Fair Market Value vs. Original Value

Before Act 12, water and wastewater systems were sold based on their original cost minus depreciation, which serves as a check on the rates that can be charged to ratepayers. With Act 12, they are now sold at "fair market value," meaning that both the buyer and the seller have motive to increase the purchase price as high as possible which is passed directly to the customers as higher rates. This allows private companies to recover the cost of their over-priced purchase for the system and increase their profits which means higher dividends to shareholders and higher compensation to their executives.


Pre-Act 12 Sale: A water system built for $10 million 50 years ago might have depreciated to a value of $2 million. If sold, the price would be close to this depreciated value.
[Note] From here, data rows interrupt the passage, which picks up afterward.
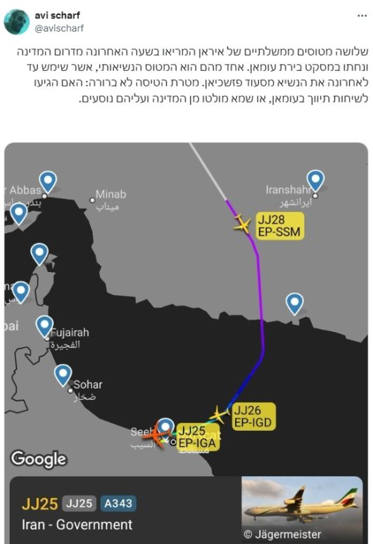 이스라엘 매체 하아레츠의 국가안보 전문 저널리스트인 아비 샤르프는 같은 날 자신의 X(옛 트위터)에 항공기 경로 추적 사이트 캡처 이미지를 공유하며 "이란의 정부 소속 항공기 3대가 최근 1시간 이내에 남부 지역에서 이륙해 오만의 수도 마스카트에 착륙했다"고 밝혔다.
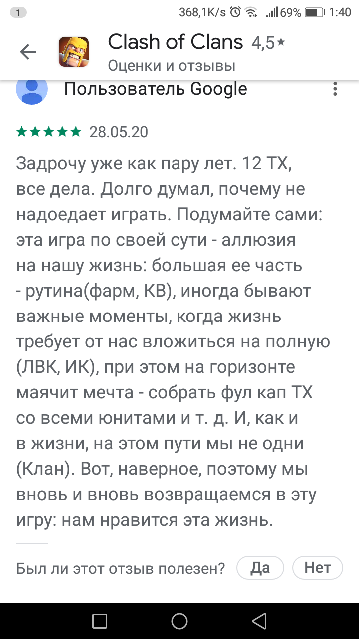 Ну тут согл, играю тоже по этой причине, игра особо не требует от тебя скилла или задротства. Но очевидно, что за копеечку на пасс, например, ты прокачиваешься быстрее почти в два раза чем остальные. С недавним ивентом на -50% я прокачал убер много. А теперь представь себе месяц так, со скидоном по ресам и времени на постройки, плюс куча рун и скинчик впридачу. Слишком выгодно (наверное самый нормальный пасс который я когда-либо видел. На изичах можно до ласт лвл дайти) чтобы его не покупать. А хейчу я, уже по инерции. Это я так проявляю свою любовь к игре.
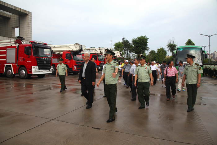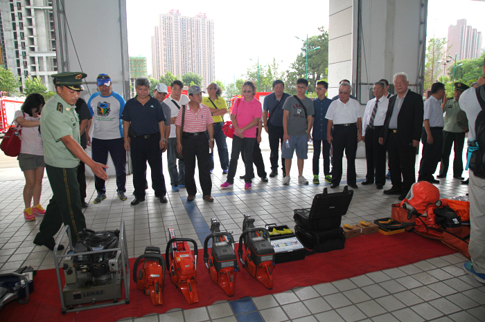 座談會結(jié)束后,張明總工程師、賈西海會長等陪同臺灣代表團參訪了西安支隊特勤二中隊。臺灣客人認真觀看了特勤二中隊各類車輛裝備器材,并不時拍照、攝像記錄,與特勤官兵就人員搜救、通信保障、火場排煙等裝備性能及實戰(zhàn)應(yīng)用進行了探討、交流。
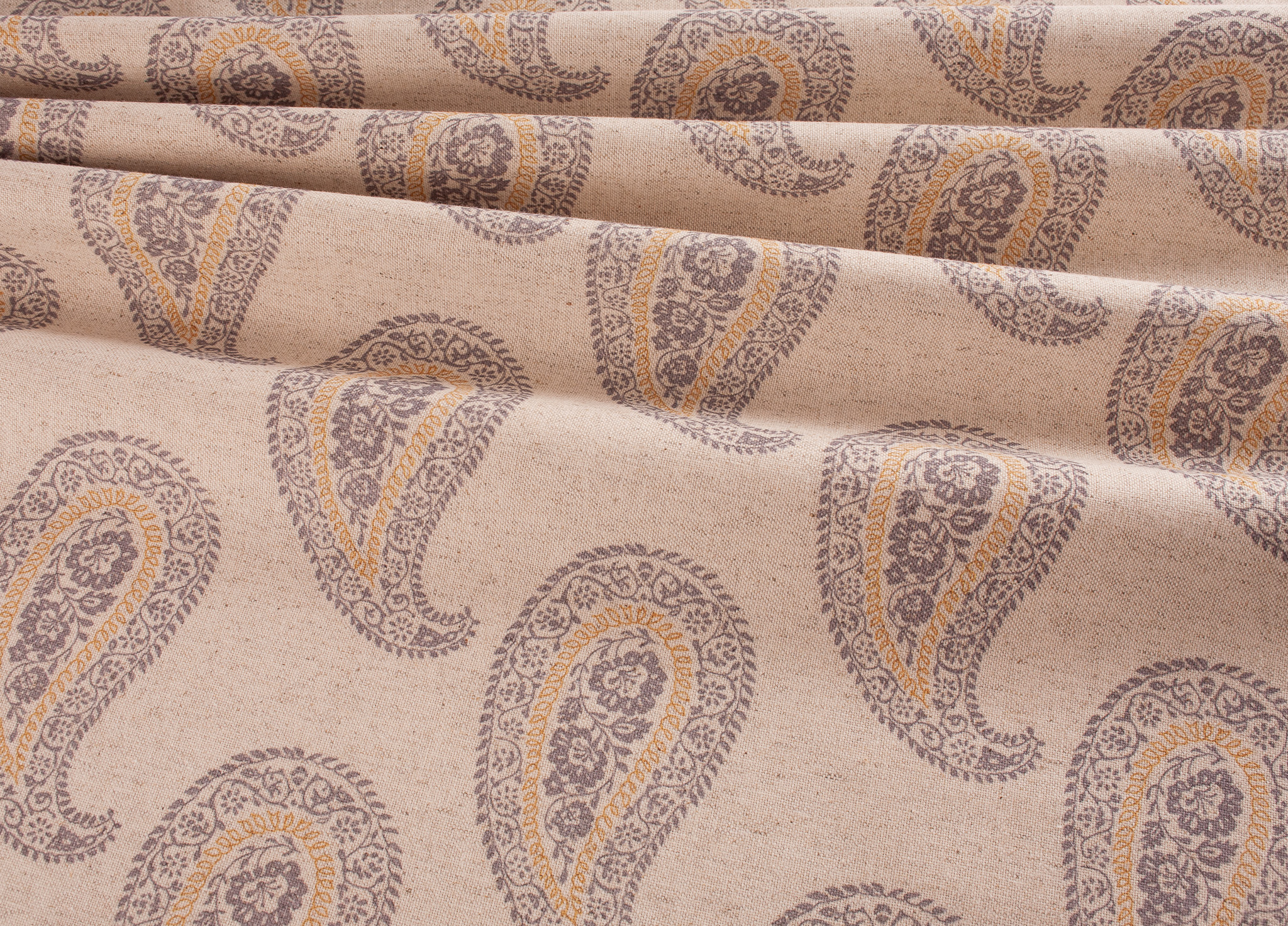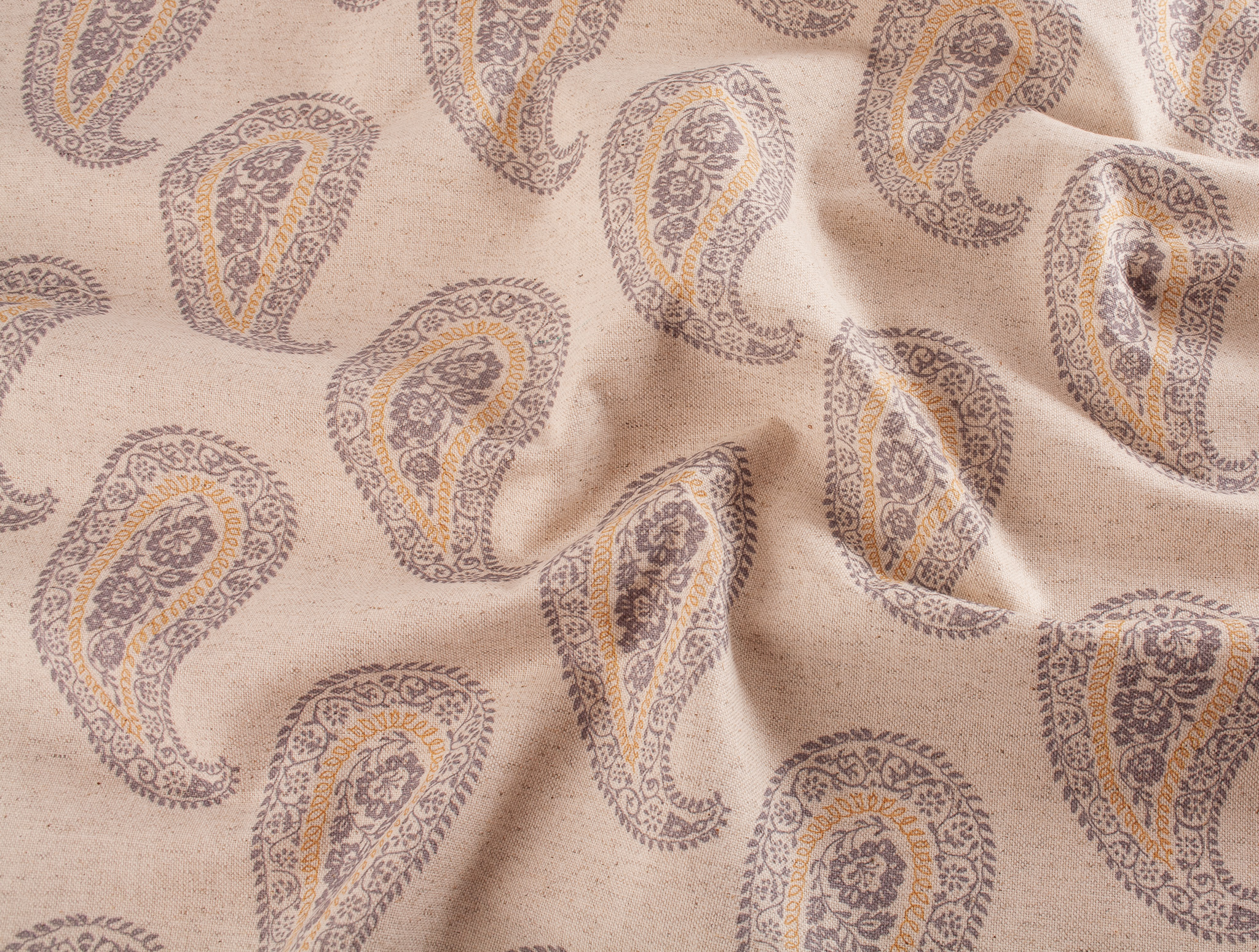 Large print paisley design on a natural, linen look background. An ideal fabric for curtains, blinds, home furnishings and bagmaking.
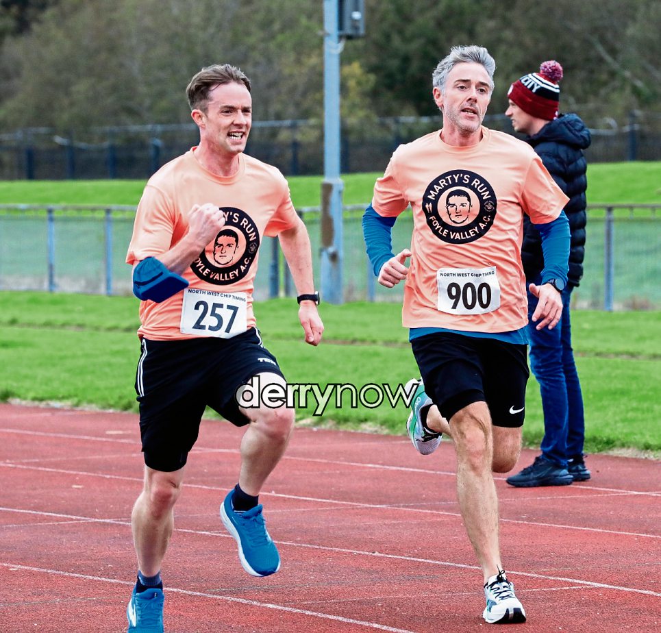Tom Cosgsrove (257) and Ian Gallagher (900) in a race to the finish line.
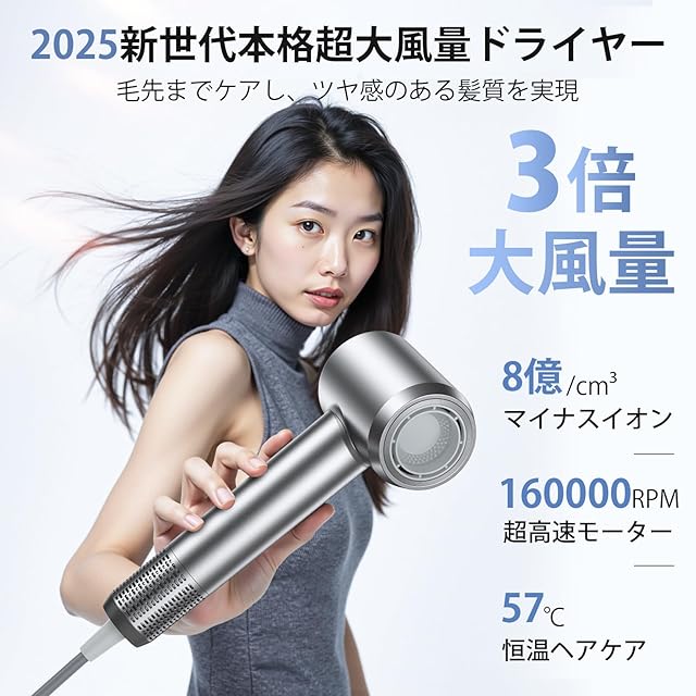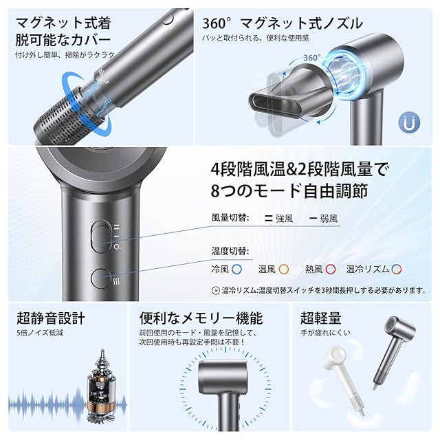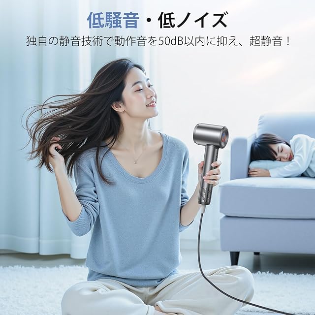 【8億超高浸透マイナスイオン・髪質改善】あなたの髪を一日中サラサラで美しく保つ秘密が、このヘアドライヤーには内蔵されています!①特許取得済みの【8億個の超高浸透・高濃度マイナスイオン】発生装置 →水分がキューティクルのわずかな間へ浸透。さらに静電気を抑制し、髪の乾燥と切れ毛を防ぎます。髪のツヤとまとまりを実感できます!②【AIマート温度制御・恒温ヘアケア】→安定な送風温度を制御し、頭皮と髪にダブルケア、髪の光沢を保つ③過熱防止システム→過熱を防ぎ、髪への熱ダメージを防ぐ!④温冷リズムモード→髪表面が熱くなりすぎる前に冷ますことができ、髪のうねりや広がりを抑えてまとまりのある髪と、ツヤ感がさらにアップ!あなたの髪は、常に潤いと輝きにあふれ、まるでプロの美容師が手入れしたような仕上がりになります。速乾x美髪を両立したヘアドライヤーです。

Post-Act 12 Sale: The same water system, now sold at “fair market value”, could fetch $25 million because the buyer sees future revenue potential (increasing the profit paid to its shareholders by ratepayers) and the seller will get the highest, one-time financial benefit for its community but at the expense of its customers. This higher sale price means the buyer may increase water/wastewater rates to cover their costs and make a profit.

Loss of Local Control

When a municipal authority or municipal water or sewer system is sold to a private company, authorities and local governments lose control over those services. Decisions about rates, maintenance, and infrastructure are made by the private company, which may not prioritize community needs. 

Local residents might find it harder to influence decisions about their water/wastewater service, such as addressing service quality or rate hikes, because the private company operates with a profit motive - their first responsibility is to shareholders, not customers.